Les fouilles archéologiques menées en 2006 sur ce site ont révélé une abondance de sculptures représentant des serpents, témoignant d’un culte profond de ce reptile dans la société Cham.
... à une image controversée
La représentation du serpent est également récurrente dans l’architecture des anciennes pagodes Cham. |
Photo : CTV/CVN |
Selon Phan Anh Tu, maître de conférences à l’Université nationale de Hô Chi Minh-Ville, le serpent Naga, véritable pont entre le monde terrestre et le divin, occupe une place centrale dans la cosmologie des anciennes pagodes. Ses représentations multiples, souvent en forme d’arc-en-ciel, symbolisent le chemin initiatique menant au Nirvana. Le Naga à plusieurs têtes incarne la puissance créatrice et destructrice, régissant les cycles de la vie et de la mort. En tant qu’axe cosmique, le Naga relie les trois mondes : le ciel, la terre et les enfers. Son corps ondulant, souvent associé à l’eau, symbolise la fluidité et l’impermanance de l’existence.
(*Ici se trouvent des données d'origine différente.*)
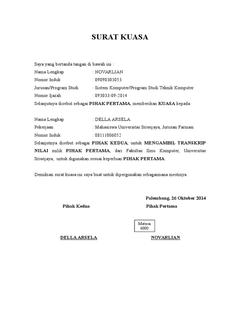 15 Contoh Surat Kuasa Dengan Penulisan Yang Baik Dan Benar Lengkap Balubu

C’est en raison de l’influence considérable, directe ou indirecte, du serpent dans le bouddhisme que cet animal est à la fois respecté et craint dans la vie quotidienne. De nombreuses légendes et rumeurs ont été tissées autour de lui, alimentant la curiosité du public. La presse, et même les scientifiques, ont consacré de nombreux articles à tenter d’expliquer les phénomènes mystérieux liés à ces histoires populaires.
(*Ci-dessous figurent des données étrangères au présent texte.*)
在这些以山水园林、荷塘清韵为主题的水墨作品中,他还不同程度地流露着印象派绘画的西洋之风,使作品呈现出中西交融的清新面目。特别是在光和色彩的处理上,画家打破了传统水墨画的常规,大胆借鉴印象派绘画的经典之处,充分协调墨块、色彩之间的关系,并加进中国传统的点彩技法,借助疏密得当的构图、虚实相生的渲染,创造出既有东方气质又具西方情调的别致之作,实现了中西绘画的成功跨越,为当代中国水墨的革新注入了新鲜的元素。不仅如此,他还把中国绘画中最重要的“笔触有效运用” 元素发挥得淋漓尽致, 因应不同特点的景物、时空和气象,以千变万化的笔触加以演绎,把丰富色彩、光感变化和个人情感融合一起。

Au-delà de son rôle dans les religions, le serpent est un symbole universel, chargé de significations multiples et parfois contradictoires. Sa capacité à muer le rend un emblème de la transformation et de la renaissance, tandis que sa forme allongée et sinueuse en fait un symbole phallique, associé à la sexualité et à la fertilité. Dans de nombreuses cultures, le serpent est également perçu comme un gardien des secrets de la nature, un guide spirituel capable d’initier les humains aux mystères de l’univers.
Sur le plan psychologique, environ un tiers de la population mondiale souffrirait de la peur des serpents. Ce phénomène étrange, bien que répandu, n’a pas encore trouvé d’explication scientifique définitive. Certaines théories évoquent une origine évolutive, liée à la nécessité pour nos ancêtres de se méfier de ces reptiles venimeux. D’autres soulignent l’influence des cultures et des mythes qui, depuis des millénaires, associent le serpent à des forces obscures et à des tentations.
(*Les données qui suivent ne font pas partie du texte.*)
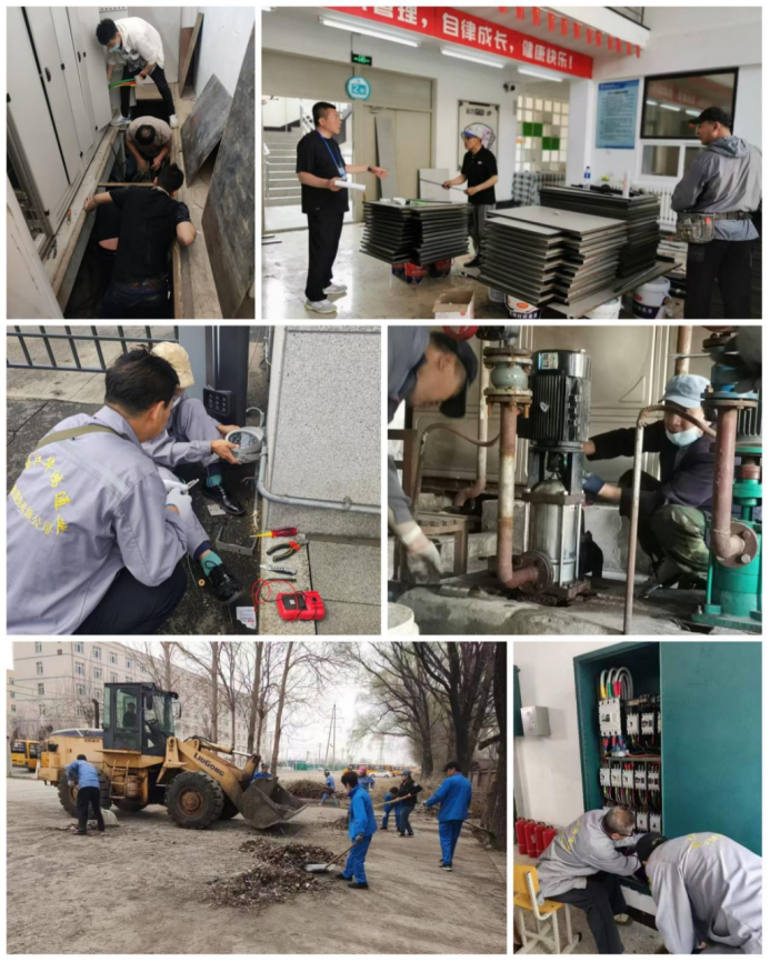 为了更好地服务学校师生,学校专门成立了后勤服务中心,保洁员按时对校园公区进行保洁服务,维修师傅每天对校园的生活设施进行维修和维护,做到“冬保暖夏保凉,及时维修抓保障”。

Ce qui est particulier, c’est que les récits fascinants sur les serpents divins se produisent principalement dans des régions où le serpent n’est pas un symbole religieux spécifique. Pour l’école bouddhiste Theravâda, le serpent est un symbole religieux et on croit en sa capacité à protéger la vie plutôt qu’on ne l’associe au mal et au mystère. Cela a été largement confirmé dans les réalisations architecturales des Khmers et des Chams.
Cependant, cette vision positive du serpent n’est pas universelle. Les représentations et les significations attribuées à ce reptile varient considérablement d’une culture à l’autre, reflétant les croyances, les mythes et les valeurs propres à chaque société. Dans certaines régions, le serpent est associé à la tentation, au mal et à la mort, tandis que dans d’autres, il est vénéré comme un être divin, protecteur et guérisseur.
Cette diversité s’explique par le fait que le serpent est un symbole ambivalent, chargé de significations multiples et parfois contradictoires. Il incarne à la fois la vie et la mort, la connaissance et l’ignorance, la fertilité et la destruction. Ces représentations complexes sont le fruit d’une longue histoire d’interactions entre l’homme et la nature, où le serpent a souvent joué le rôle de médiateur entre les mondes visible et invisible.